Un solo cuento, poema, pintura o narración sobre una persona anciana que muere sola, puede conmovernos y acercarnos mucho más a la realidad que las cifras diarias sobre la pandemia. ¿Por qué este continuo y diario desfilar de cifras de las víctimas? No solamente es la transparencia de información tan manida (aunque solamente cuando conviene) sino que, sea consciente o no, intencionado o no, el mensaje transmitido es totalmente deshumanizador, impide “comprender” lo que significa una sola de los miles de muertes.

Ayer, respecto al día en que escribo el artículo, el NY Times publicaba en portada la lista, con nombres y apellidos, de las casi 100 mil víctimas en USA. Aparte de la clara intención como contrapartida a la política deshumanizadora de Trump, aunque la idea se acerca a lo anteriormente referido, no deja de ser un vano intento: esos nombres expuestos en 4 páginas son percibidos como números. No deja de ser una lista que nadie va a leer completamente absorbiendo que cada nombre es una vida perdida.

Insisto: nos humanizamos compartiendo emociones y sentimientos. Lo relevante, para comprender la magnitud de la tragedia, pasa por ser partícipe de la persona que muere sola, de sus seres queridos, sabiéndolo y sin poder acompañarla. Las cifras diarias nos alejan de tal comprensión: esas muertes no son un flujo de cifras bursátiles que suben o bajan, la pandemia no es una competición de muertes entre países o naciones peores o mejores. <<Fíjense, Francia atrapa a España y Reino Unido adelanta a Italia>>.

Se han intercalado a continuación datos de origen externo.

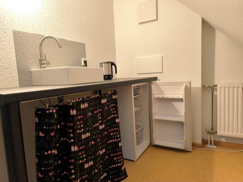 Linoleumfussboden im DG-Studio. Dort befindet sich eine kleine Teeküche mit Kühlschrank.

Los estudios de las artes y de la cultura, inútiles para el mercado, son imprescindibles para mantener esta “conciencia emocional” que permite conectar unas personas con otras, especialmente con las personas que no conocemos, que son diferentes, o que no vemos… como todos los ancianos hacinados en residencias. Sólo así se entiende que se les haya dejado, simplemente, morir. Morir asfixiados, ahogados, como si su improductividad les restase el derecho al uso del aire. Nada cambiará si no se cambia la base, pero parecemos más preocupados sobre la abertura de terrazas y bares, sobre si se reprende o no la liga de futbol (la que da dinero, no las otras) que en inyectar dinero, tiempo e ideas de cómo adaptar y mejorar la educación para que el futuro sea mejor que el odio y desprecio que vemos entre los partidos que nos representan. Bares y futbol, sí, algo tan antiguo como el pan y circo.